Pub Date : 2024-07-24DOI: 10.30629/2618-6667-2024-22-3-24-33
E. E. Balakireva, S. Nikitina, A. V. Kulikov, A. Koval-Zaitsev, T. E. Blinova, N. S. Shalina, O. Shushpanova, A. G. Alekseeva
Background: сoverage of the problem of mood disorders in patients with schizotypal disorder with leading eating disorders (EDs), in childhood and adolescence is relevant. However, concomitant disorders in eating disorder in childhood and adolescence and their dynamics have not been sufficiently studied. The aim: to study the clinical and psychopathological structure of mood disorders in patients with schizotypal disorder and eating disorders leading in the clinical picture. Patients and methods: the study included 50 patients (9 boys, 41 girls), aged 7 to 16 years. Inclusion criteria: 1) schizotypal disorder; 2) eating disorders; 3) mood disorders. Research methods: clinical-psychopathological, psychometric (HDRS, PANSS), follow-up, somatic observation. Results: in patients with schizotypal and mood disorders, the following variants of eating disorder were observed: anorexia nervosa (AN — first type), anorexia nervosa with dominance of bulimia (ANB — second type), anorexia nervosa with dominance of bulimia and vomitomania (ANB + B — third type).
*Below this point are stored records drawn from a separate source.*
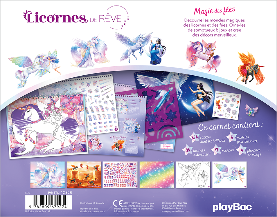 Découvre les mondes magiques des licornes et des fées ! Orne-les de somptueux bijoux et crée des décors merveilleux. Ce carnet contient : – 576 stickers dont 82 brillants ; – 5 modèles pour t’inspirer ; – 35 licornes à dessiner et à parer de bijoux ; – 17 pochoirs ; – 4 planches de motifs à découper. Avec la présentation des licornes et fées et leur carte d’identité.
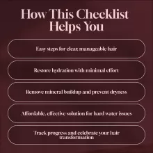 This checklist is perfect for anyone experiencing the damaging effects of hard water on their hair. Whether you live in an area with high water hardness or simply want to prevent future buildup, this guide will help you restore your hair’s natural beauty. It’s ideal for those who want to take a proactive approach to hair health and avoid expensive salon treatments.
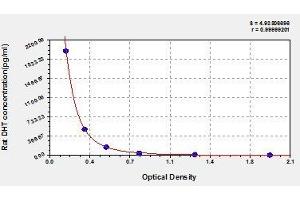 - This assay employs the competitive inhibition enzyme immunoassay technique. The microtiter plate provided in this kit has been pre-coated with goat-anti-rabbit antibody. Standards or samples are added to the appropriate microtiter plate wells with an antibody specific for DHT and Horseradish Peroxidase (HRP) conjugated DHT. The competitive inhibition reaction is launched between with HRP labeled DHT and unlabeled DHT with the antibody. A substrate solution is added to the wells and the color develops in opposite to the amount of DHT in the sample. The color development is stopped and the intensity of the color is measured.
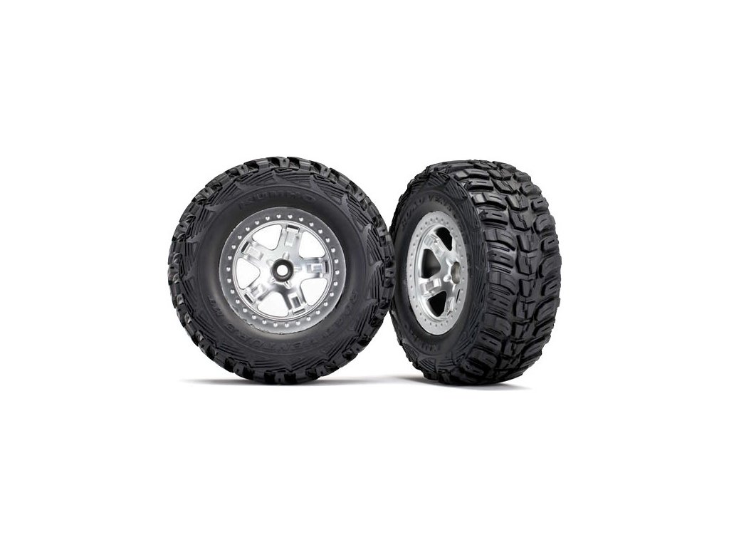 Kompletní přední kola pro 2WD auta Traxxas Slash. Saténové disky Bead Lock s nalepenými pneumatikami Kumho (měkká směs) a vložkou.

Mood disorders in the first type of eating disorder were characterized by a pronounced depressive triad, suicidal thoughts and stupor at the cachectic stage of the disease. Mood disorders in the second type of eating disorder were characterized by a mixed affective state: short unproductive mania, ideas of dysmorphophobia, ideas of attitude, followed by a prolonged depressive state with senesto-hypochondriacal disorders, asthenia, and an increase in cognitive impairment. Mood disorders in the third type of eating disorder were characterized by the presence, of pronounced delusional and dysmorphophobic disorders and ideas of attitude, psychopathic behavior, depersonalization-derealization disorders, asthenia and cognitive impairment. Affective pathology in schizotypal disorder with eating disorder, as well as body dysmorphic syndrome, persisted for a long time. The most severe course was observed in the third group of patients (NANB + B), which was due to a significant proportion of psychotic disorders in the structure of the syndrome and somatic complications due to vomiting behavior. Conclusions: patients with schizotypal disorder with leading symptoms of eating disorder and mood disorders require an integrated approach to therapy, including somatic and psychopharmacological treatment.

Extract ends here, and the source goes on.